Copywriter Tang Wen En has plans to do the same. “The main thing about Game Of Thrones meals is that they are all so in-your-face. George R R Martin wasn’t going for subtlety when he described even simple things like oatbread with ‘bits of date, apple and orange’.

“I feel sick imagining Joffrey’s wedding dinner with 77 dishes and I want to see if I can serve such bombastic dishes as a full meal and not have anyone groaning,” the 28-year-old added.

But Tang is putting his own spin on the dishes: Instead of faithfully reproducing pigeon pie and cinnamon-baked apples, he’s going to serve up Dothrakimchi, Goose Bolton, Dracarysotto and Wintermelon Is Coming, “idiotically named dishes based on phrases or names in the series”, he said.

Then there is locally-run website Geek Crusade, which organised a ticketed Game Of Thrones dinner at No Menu restaurant last week. Geek Crusade’s co-founder Nicholas Yong said the sold-out event saw 53 people enjoying a menu specially drawn up by Chef Osvaldo Forlino, who was happy to play along. Activities included a Game Of Thrones trivia quiz.

“He claimed, ‘I went to Fort Canning and plucked all the greens and I saw this wild boar and I killed it, and that’s what I’m serving you now’,” Yong recounted. Starting at S$95 per head, there was also a summer green salad, mushroom soup with snails and pear poached in wine. Several people showed up in elaborate costumes: There was a Daenerys, a Khal Drogo, a Littlefinger, a Euron Greyjoy and a couple dressed as the Lannisters.
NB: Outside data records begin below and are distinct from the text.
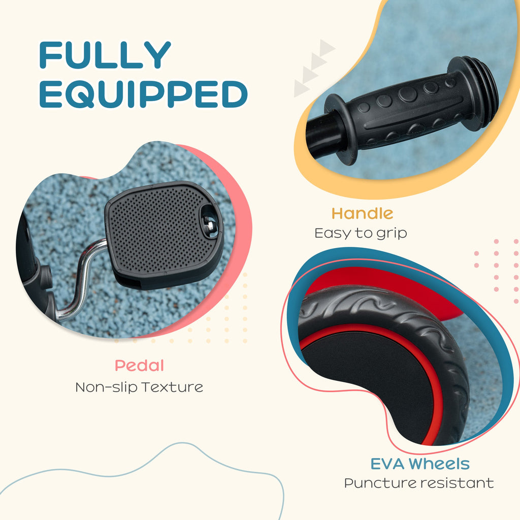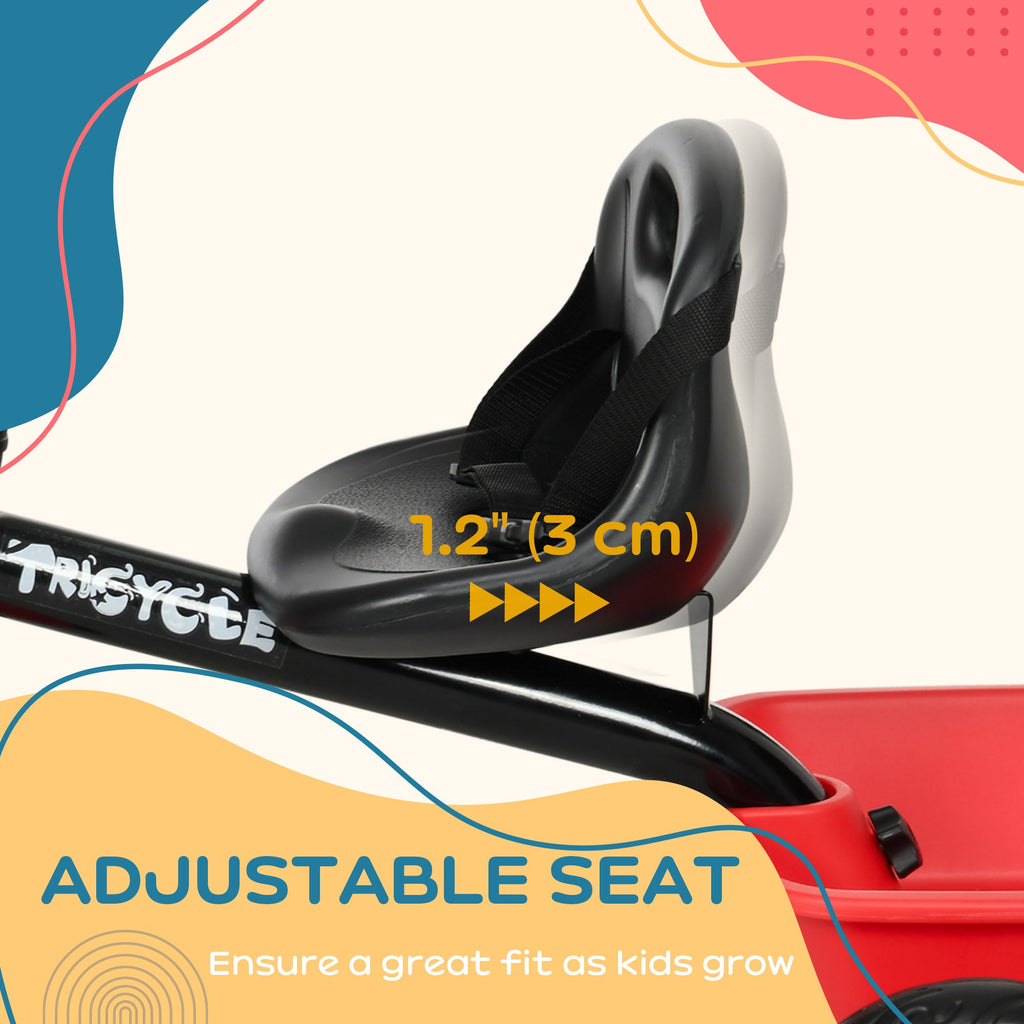 Designed with both comfort and safety in mind, this toddler tricycle is the perfect companion for your little one. With an adjustable seat and a 2-point safety belt, it grows with your child, ensuring a secure and enjoyable ride for kids aged 2-5. Built with a sturdy steel frame, non-slip pedals, and puncture-resistant wheels, this tricycle provides excellent stability and peace of mind during every adventure. It also features convenient built-in storage baskets for carrying toys or snacks, and a mudguard to protect from dirt and splashes. Plus, the easy-grip handle ensures a secure hold while riding. Assembly is quick and easy, giving you more time to create memorable moments with your child.
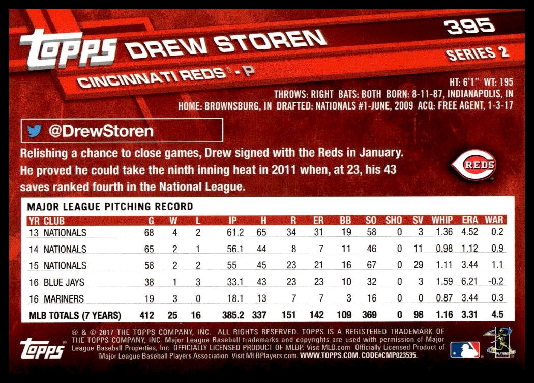 This BaseballΒ card, from 2017 is part of the Topps Series 2Β card set. Drew Storen is featured and has a card number of 395.
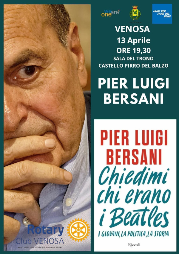 È con questo spirito che il Rotary Club Venosa è orgoglioso di ospitare, lunedì 13 aprile alle ore 19:30, presso la Sala del Trono del Castello Pirro del Balzo, Pier Luigi Bersani, protagonista della serata dedicata al suo libro “Chiedimi chi erano i Beatles”.
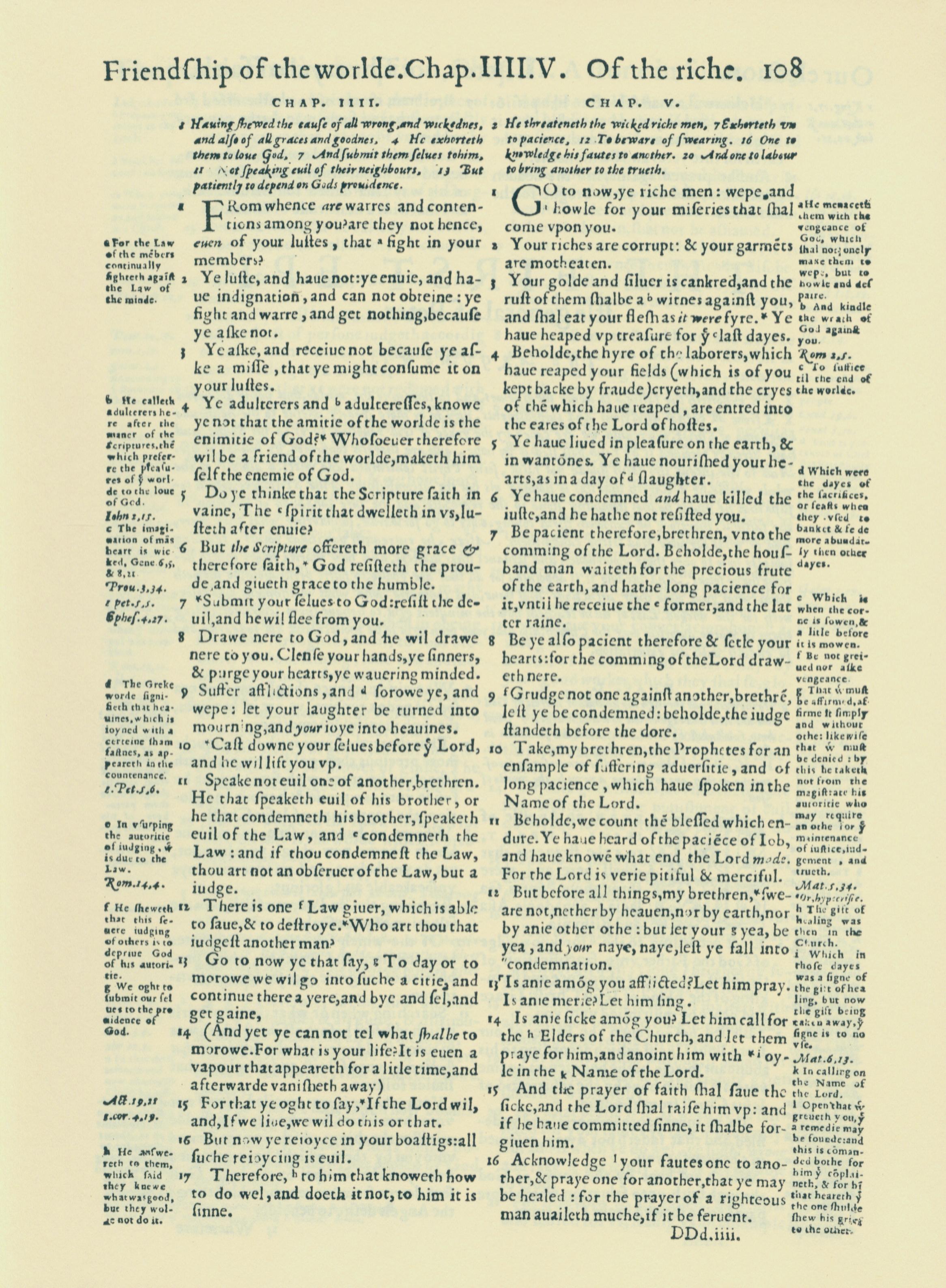 1560年THE BIBLE AND HOLY SCRIPTURES 雅各书 4 章 1 节到 5 章 16 节

“I accidentally hit (Cersei Lannister) and she looked at me and said, ‘Be careful. I’m the mother of the King’,” Yong chuckled. And even though the attendees started out as strangers, “they were all getting to know one another and geeking out together”, Yong said. “I think it’s a really nice thing to have a nice meal and talk to people who share your interest.”

Geek Crusade has more dinners with themes like Hannibal and Downton Abbey planned as part of a Dinner Is Coming series, but because their Game Of Thrones event was so successful, they said they will be repeating it one more time on May 5, for waitlisted people who didn’t manage to snag tickets to the first event.